I never quite understood how you're supposed to use them. Does it have a password store like Keepass on it? Do you plug them into your PC? How do I get an OTP from the Yubikey?
How do you use them on non-private computers (like work PC)?
Yes, yes, yes, and it depends on what your employer has set up for that.
In more detail:
*which sometimes leads to amusing results when you forget there's a chat window in the foreground.
Thank you, that clears it up a little.
It looks like a very good thing for security but I think for me, it would just be another thing I can lose or forget. I'd have to carry one with me at all times which is kind of annoying. I always carry my keys, wallet and phones when I go outside but at home I don't have those near me (except for my phone).
I use GoTrust IdemKey with kinda similar service to OpenID - it can be used on various sites to ientify the user and used for login and to fill in data (like contact info in an eshop) and to access... say citizen portal of government sites (I'm no native english speaker, I hope it is clear enough).
Just before writing this I searched for SSH and found a manual how to set this IdemKey to work with SSH. I have to try it.
I don't use it for Google authentication or any other service. I might look this up too. I also have to buy second one for backup purposes.
And believe it or not, I got my IdemKey for free from CZ.NIC. I also got Turris router from them (the first version, blue metal chassis), also for free - well, in exhcange for data collection, you may look it up, it was and is great project and great organization.
If I can ask a related question to people who use a security key for personal use: Which ones are you buying?
Security Keys seem like the kind of thing you want to own multiples of, but that's a tough ask at $50 for a single Yubikey. Especially if you were trying to deploy for multiple people.

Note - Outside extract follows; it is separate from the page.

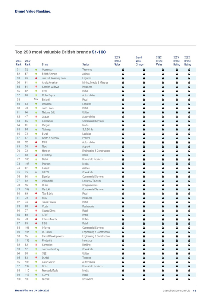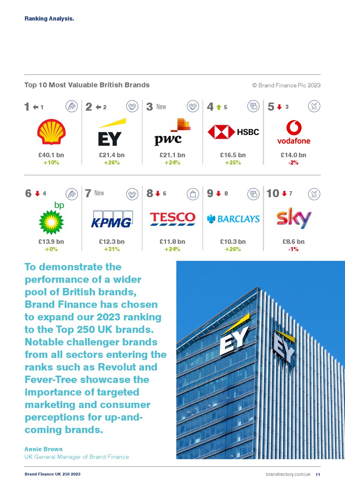 Brand Finance的排名反映了首字母缩略词品牌的重要性稳步上升。在英国最有价值的100个品牌中有20个是首字母缩写。10强中有安永(EY)、普华永道(PwC)、汇丰(HSBC)、英国石油(BP)和毕马威(KPMG)。
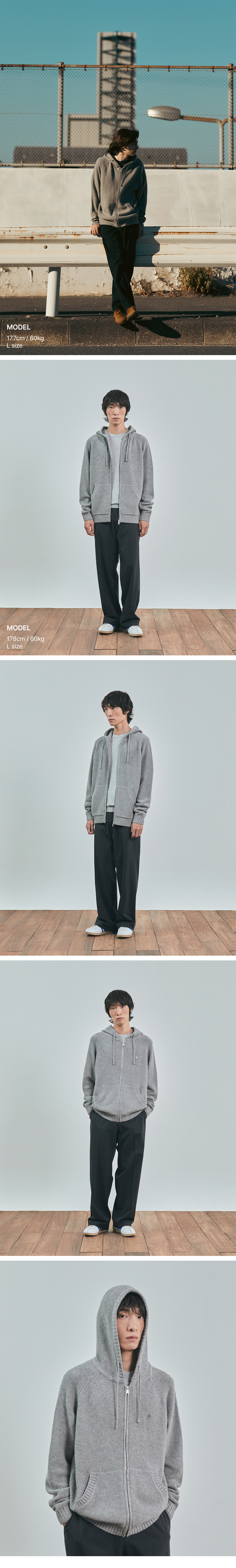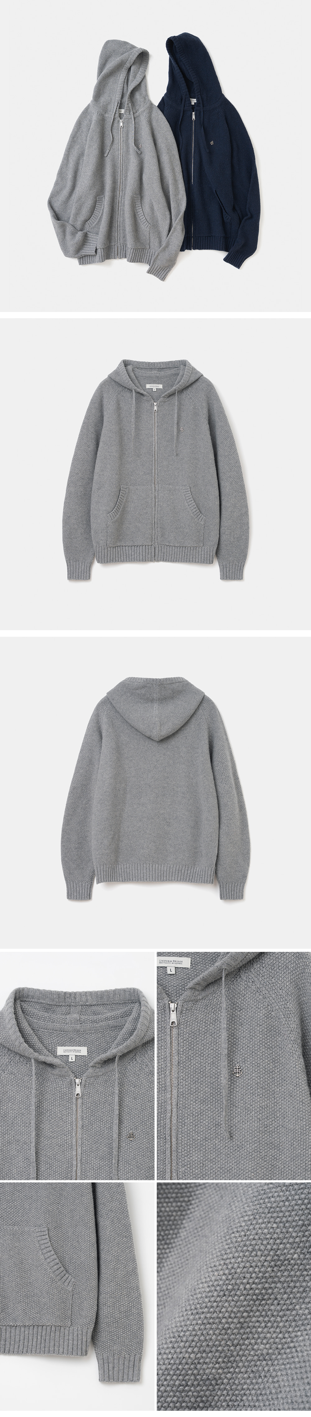 유니폼브릿지 집업 후드 니트 멜란지 그레이

If you're just looking to use it as a 2nd factor for logging in to stuff that supports FIDO authentication (all websites, most apps) you don't need to buy the $50 key. You can get the $30 fido-only key. The $50 key has a bunch more features that I don't personally use like being able to store your SSH secret key on it, PIV smartcard, etc.
I don't have a yubikey, but I just want to say I hate 2FA so much. Every single bank, subscription, service, I use has to send me a text or have me put in a code from their app or whatever and I hate it. Yubikey is nice but lots of services (such as my bank) don't support it, I don't really see passkeys taking off (someone steals your fingerprint and now has your "master key" forever?).. I wish there was some kind of actual standard these services all agreed on so I don't have to scramble for my phone every time I sign in somewhere. Or just let me use my password which will never happen.
that's not how it works.
that's what passkeys are.
there's a fuckton of FUD about them going around, but the important part is that they're standards-based.
every "we support passkeys" announcement should really be read as a "we support FIDO2 WebAuthn".
(if you want to know the nitty-gritty details, this video is a 45 minute long conference presentation that goes over the acronym soup of FIDO, FIDO2, U2F, WebAuthn, CTAP, etc)
a passkey is just FIDO2 WebAuthn as a single-factor, without a separate password.
the user-facing rollout of passkeys has been pretty terrible, but the upshot is that support for WebAuthn is becoming ubiquitous, and that's a very good thing.
there are other standardized forms of 2FA (TOTP being the most common). but (the video I linked above does a great job of explaining this) TOTP is vulnerable to phishing attacks.
WebAuthn gives us an open 2FA standard that is resistant to phishing.